Why a Flight from New York to Tokyo Goes Through Alaska

The shortest path between two points on a sphere isn't a straight line on a map. That's why it looks like a detour.

Pull up a flight tracker for a New York-Tokyo route. The plane heads northwest over Canada, brushes near the Aleutian Islands, and turns south toward Japan. On a flat map projection it looks like a 1,500-mile detour. On a globe it is the most direct path possible.

The shortest distance between two points on a sphere lies along a great circle — a circle whose plane passes through the center of the sphere. Earth's equator is a great circle. Every line of longitude is half of one. Lines of latitude, except for the equator, are not. A great circle between two cities at the same latitude usually arcs north (in the Northern Hemisphere) toward the pole rather than running flat along the parallel.

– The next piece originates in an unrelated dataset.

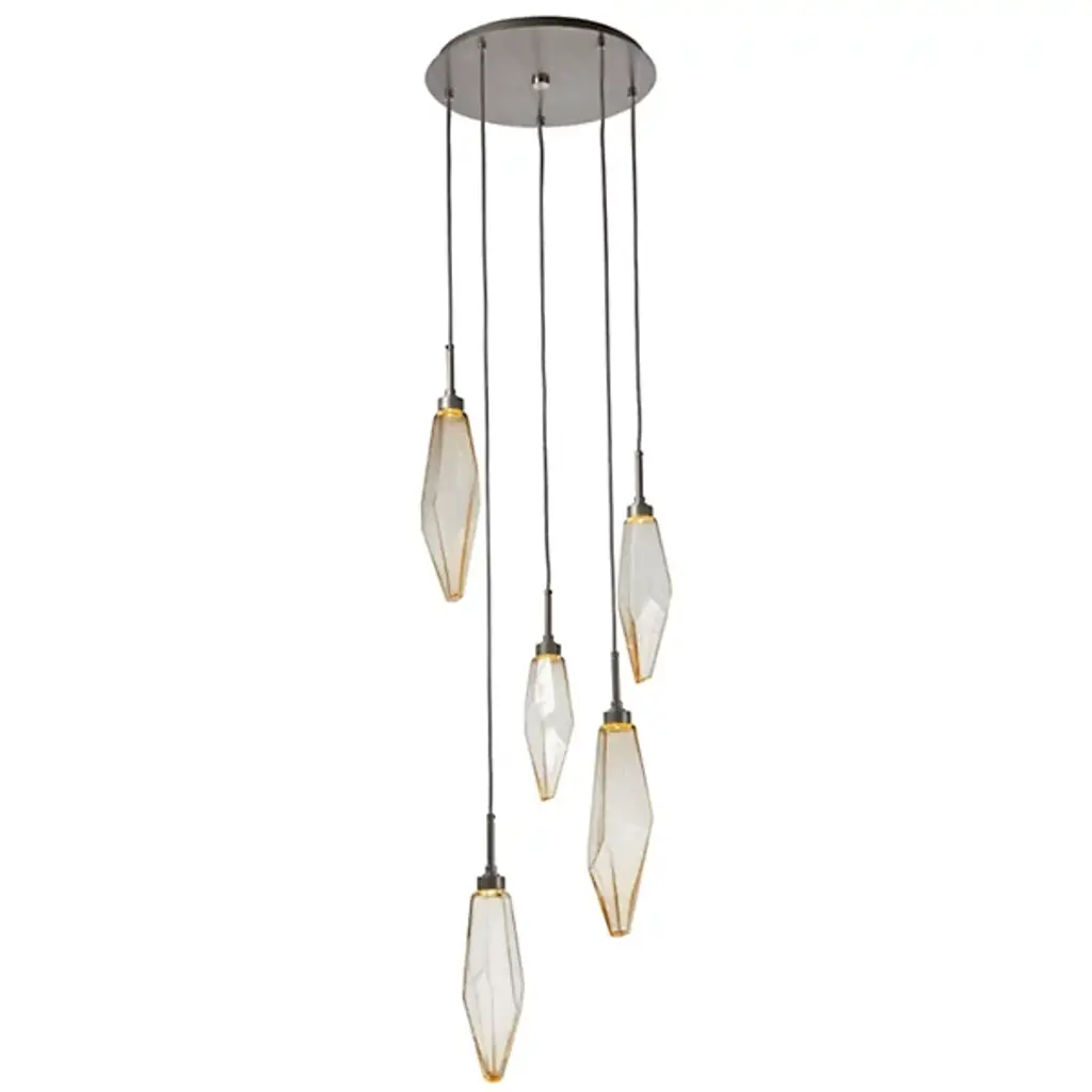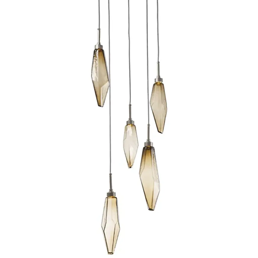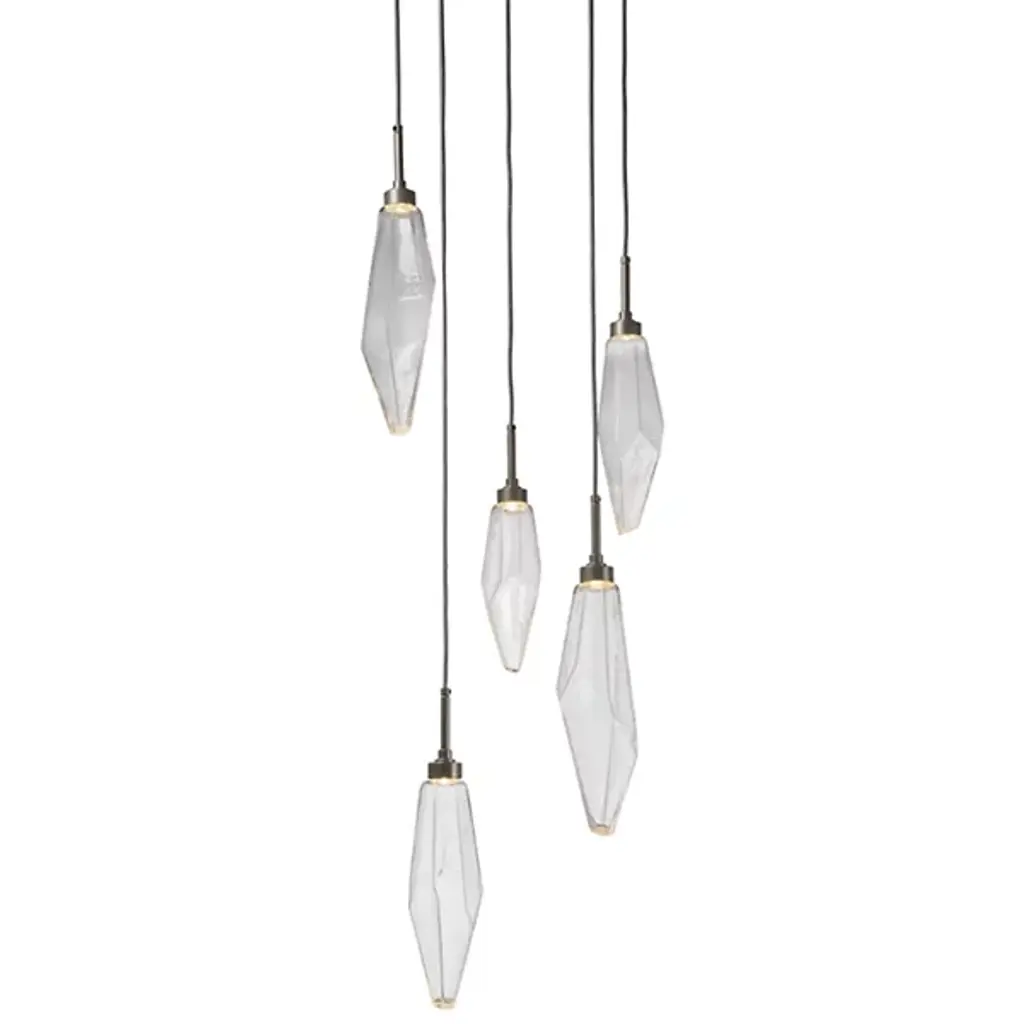 The Hammerton Studio Rock Crystal Round Multi Light LED Pendant is a handcrafted piece featuring delicate glass paired with energy efficient lighting. Each natural looking crystal is hung from its own fabric covered cord, making them all individually height adjustable for a custom look. Each glass piece is lit with its own LED light, which illuminates the space as well as gives a unique highlight effect to the glass.

The distortion is built into flat maps. The Mercator projection, designed in 1569 by Gerardus Mercator for marine navigation, preserves angles and bearings — useful for plotting a constant-heading course — at the cost of badly distorting distances and area. Greenland looks larger than Africa; it is actually about one-fourteenth the size. Routes that look curved on Mercator are usually the straight ones in three dimensions.

Long-distance ships and planes have used great-circle routing since the 19th century, when it became practical to compute the bearing changes needed along the way. Modern flight management systems do the math continuously, adjusting heading every few miles. The route looks like a detour because the map is the lie. The world is round, and the planes know it.